A la FNAC des Halles il y a quelques jours : rayon Polars, un grand rayon, personne !
Je crois qu'on était deux clients en tout et pour tout et autant d'employés de la FNAC derrière le comptoir (non en fait ils étaient trois). Et je suis sûr que ce jour-là au moins un des deux clients n'a acheté aucun livre. Pourvu qu'ça dure...
PS : Je n'ai rien contre les employés de la FNAC que je trouve dans l'ensemble pros et à l'écoute.
Necroko
12/08/2023 à 03:23
le Manga retrouve un marché plutôt normalisé après la "folie" c'est pas plus mal (on va peut-être avoir moins de Collector sans intérêt), on retrouve un marché d'avant covid (ils ont achetés quoi les jeunes avec leurs pass ?). L'inflation est aussi passé par là (je compte plus les séries en "Pause").
LH
12/08/2023 à 10:29
Chère équipe d’actualitté, cet article est extrêmement trompeur car rien ne vous permet d’affirmer avec la méthode de calcul que vous utilisez que 80% des best sellers sont au main de 19 maisons d’éditions. En effet, pour affirmer ceci il faudrait disposer de la somme totale de ventes de chacun des livres du 1er janvier au 30 juin, et par la suite regarder quelles maisons d’éditions les ont publié pour en dériver un pourcentage de concentration. Le fait que vous vous intéressiez uniquement au top 10 hebdomadaires de chacune des 26 semaines du 1er semestre revient à comparer des choux et des carottes.

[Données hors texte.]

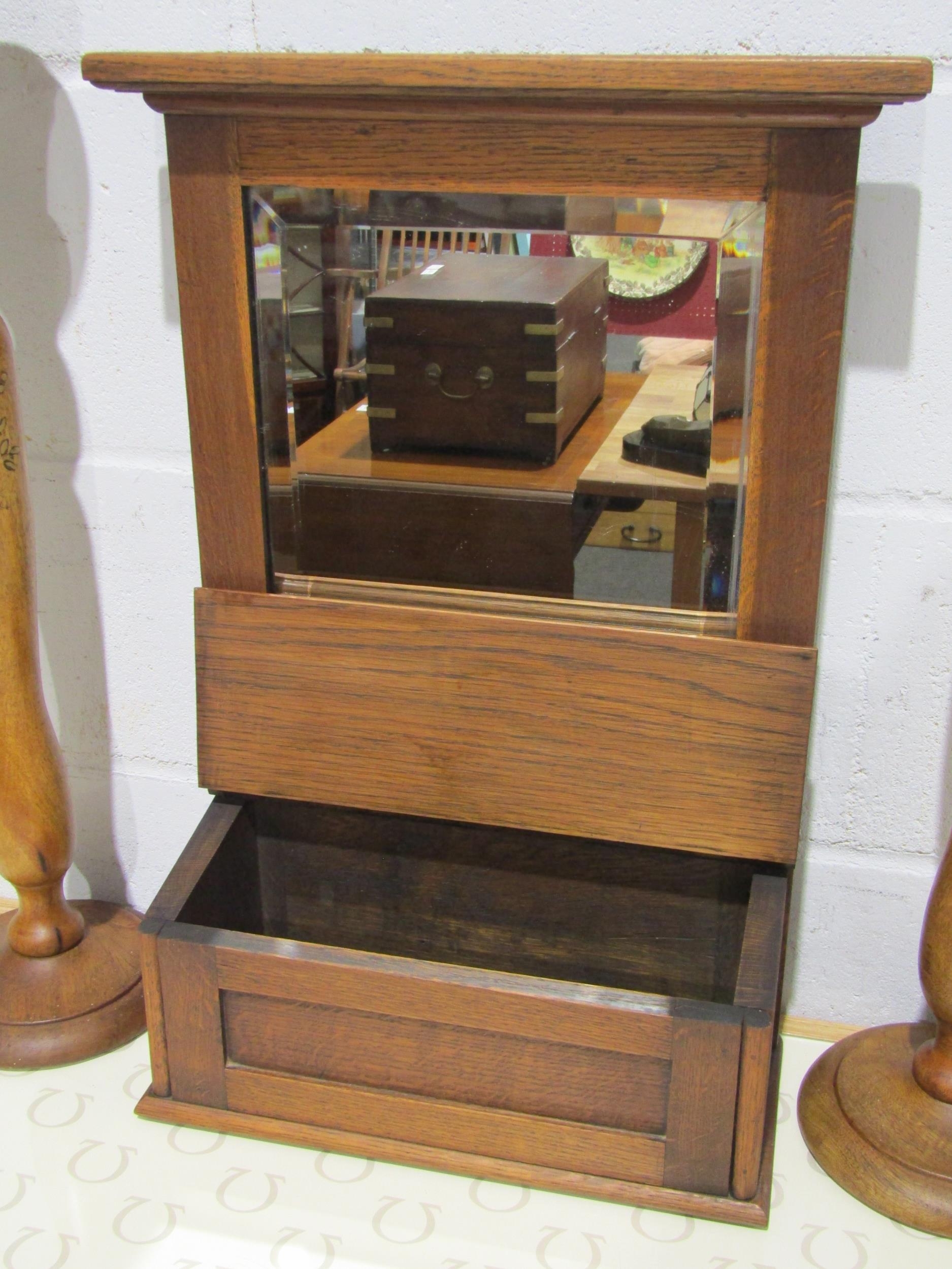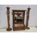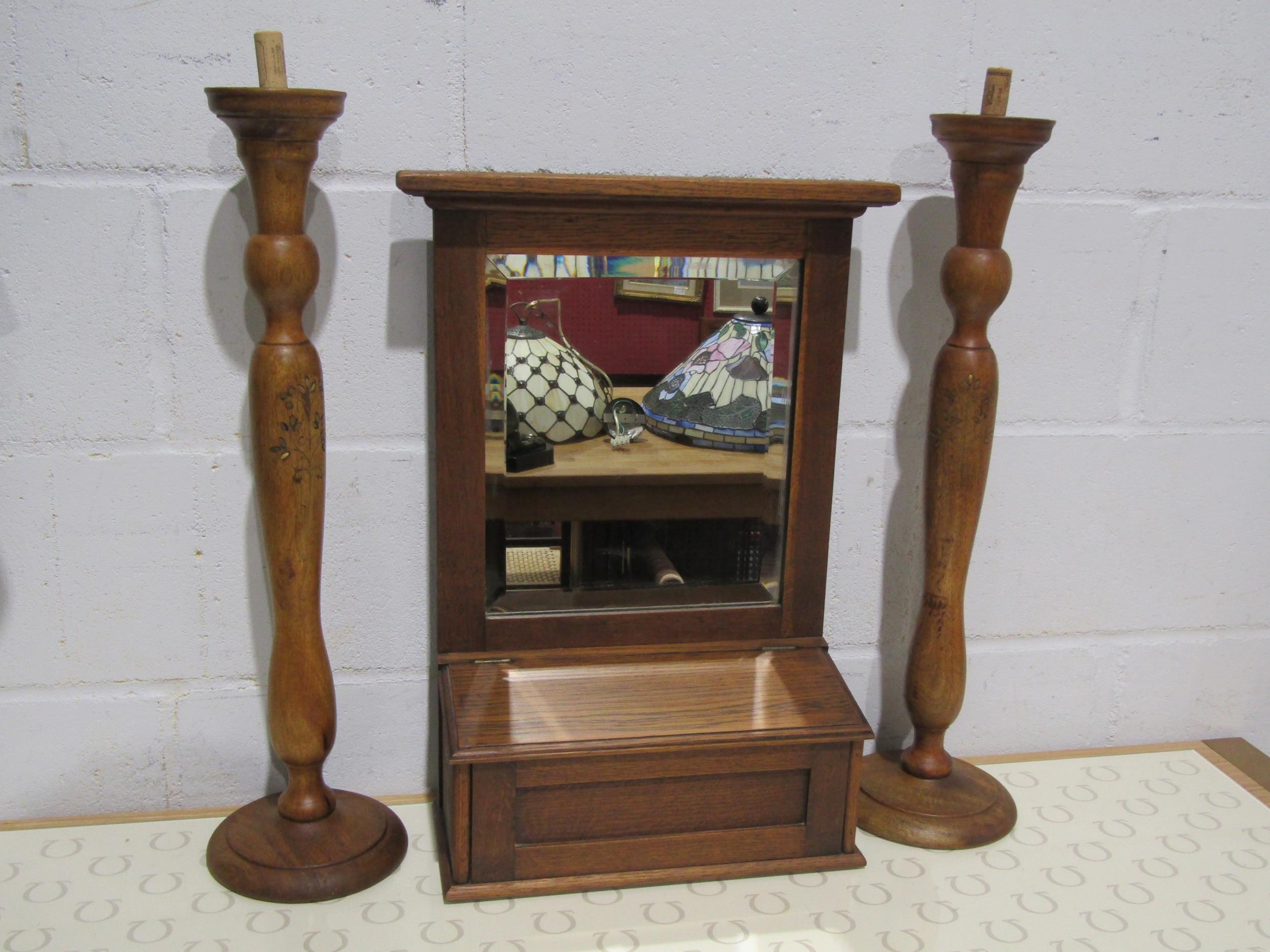 A pair of tall wooden candlesticks with gilt floral design and an oak mirror with box front (3)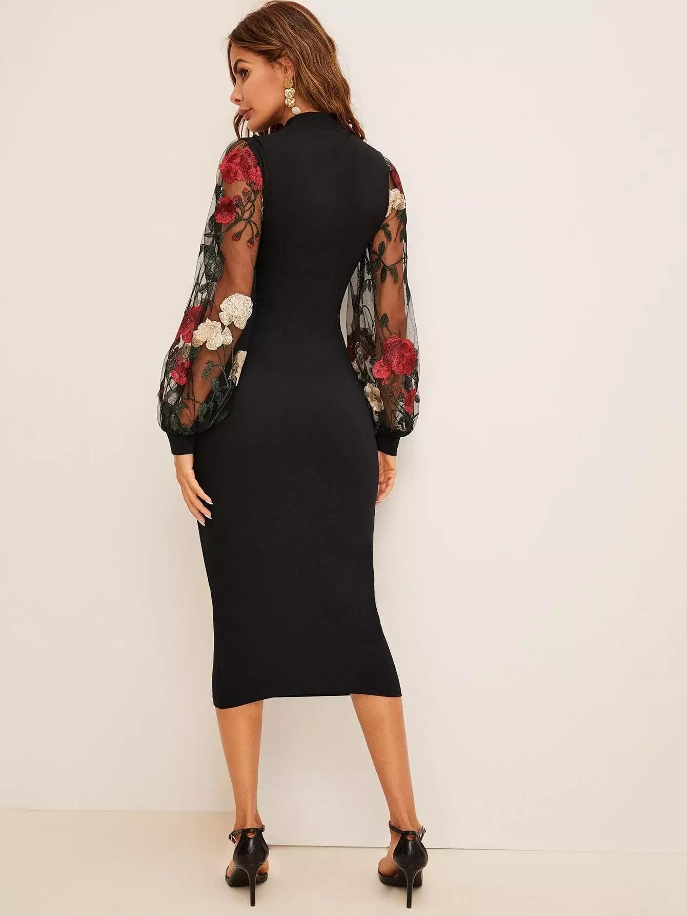فستان بأكمام شبكية مطرزة بالزهور بأكمام شبكية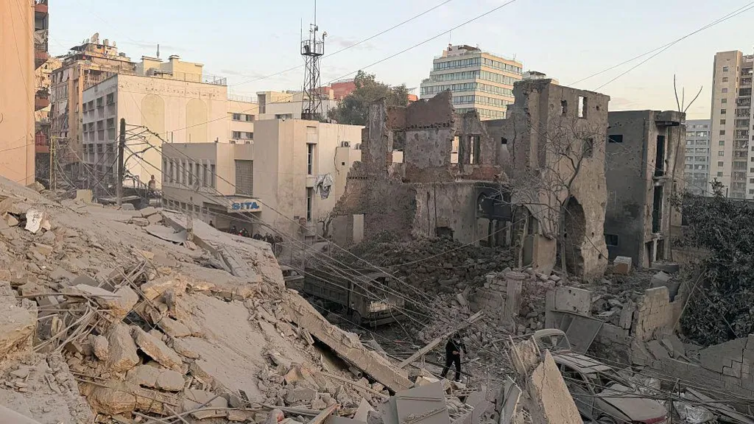 The building hit in the Bashoura neighbourhood of Beirut on Wednesday had already been targeted several times in recent days - and has now been completely demolished and reduced to a pile of rubble.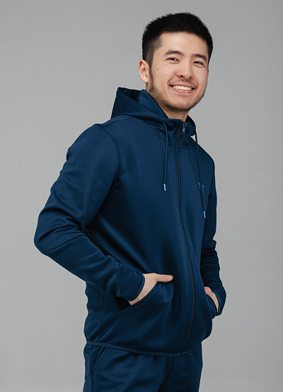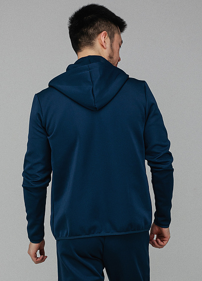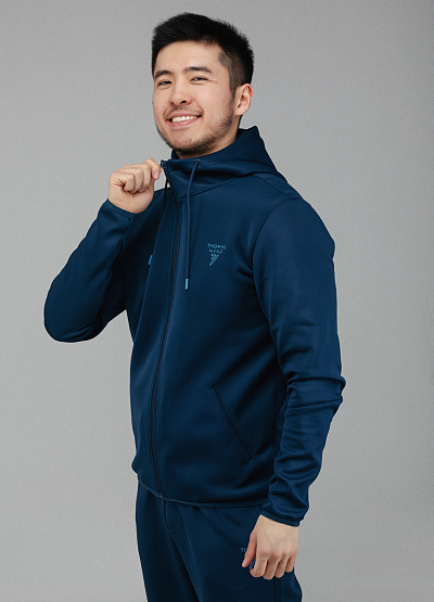 • Мужская спортивная толстовка темно-синего цвета от бренда Thomas Graf. Классическая форма с длинными рукавами, прямым кроем и с застежкой на молнию идеально подходит не только любителям спортивного стиля, но и отличный повседневный вариант для городских прогулок, загородного и домашнего отдыха, а капюшон защитит от непогоды.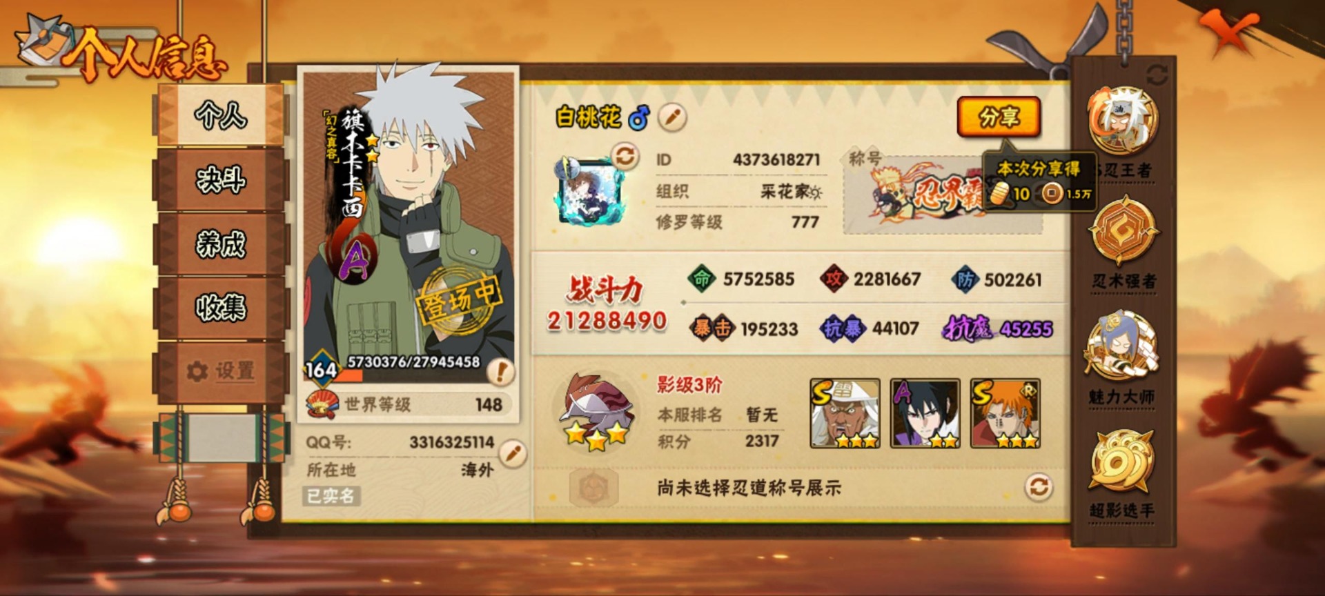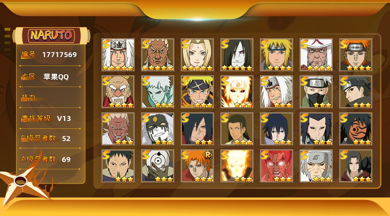 角色等级163 金币20000+ 战斗力2000+ S忍47 A忍68 5星S忍者45 13 段位暗部

L’exemple des cahiers de vacances est en cela parlant. Ceux-ci se retrouvent dans vos « best sellers » alors que leurs ventes sont concentrées sur quelques semaines uniquement. Si vous établissiez le classement en volume de chacune des œuvres du 1er janvier au 30 juin, vous constateriez qu’aucun de ces cahiers de vacances ne se classeraient dans les « best sellers » du 1er semestre. De la même façon, un livre ayant été 11eme de votre classement chaque semaine ne se retrouverait pas dans votre catégorie « best seller » alors que son volume total de ventes serait probablement largement au-dessus de celui des cahiers de vacances.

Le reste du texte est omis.